Create a formal linear function in Sympy

Question

I have an expression in Sympy (like

-M - n + x(n)

) and I would like to create a formal linear function, says f, and apply it to my expression, in order to get, after simplification:

-f(M) - f(n) + f(x(n))

Is it possible to tell sympy that a property such as linearity is verified?

A very hacky way to do it would be to apply the function f to every subexpression which is in a sum. For instance when given an expressions like the first one I gave, it would be nice to simply access the terms appearing in the sum (here it would be

[-M, -n , x(n)]

Then mapping f on the list and sum it to get what is expected.
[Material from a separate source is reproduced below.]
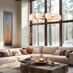 - This hanging light fixture for living room spaces emanates a soft, inviting glow, creating a warm and welcoming atmosphere.

Is there an easy way to do so, or have I necessarily to go trough the syntactic tree of the expression ?

Answer 1

This works:

>>> x,f = map(Function, 'xf'); n,M = symbols('n,M'); expr = -M - n + x(n)
>>> Add(*[f(a) for a in Add.make_args(expr)])
f(-M) + f(-n) + f(x(n))

If you have an expression like f(n*(M + 1)) and you expand it you will get f(n*M + n). Can you tell SymPy to apply the function to the args of f's args? Yes:

>>> expr = f(n*(M + 1))
>>> expr.expand().replace(lambda x: x.func == f,
...         lambda x: Add(*[f(a) for a in Add.make_args(x.args[0])]))
f(n) + f(M*n)

If you call such a replacement linapp you can use it for any function that you want:

def linapp(expr, *f):
    return expr.expand().replace(
      lambda x: x.func in f,
      lambda x: Add(*[x.func(a) for a in Add.make_args(x.args[0])]))

>>> print(linapp(cos(x+y) + sin(x + y), cos, sin))
sin(x) + sin(y) + cos(x) + cos(y)

(Not saying that it's a true result, just that you can do it. And if you replace a variable with something else and you want to reapply the linearization, you can:

>>> linapp(_.subs(y, z + 1), cos)
sin(x) + sin(z + 1) + cos(x) + cos(z) + cos(1)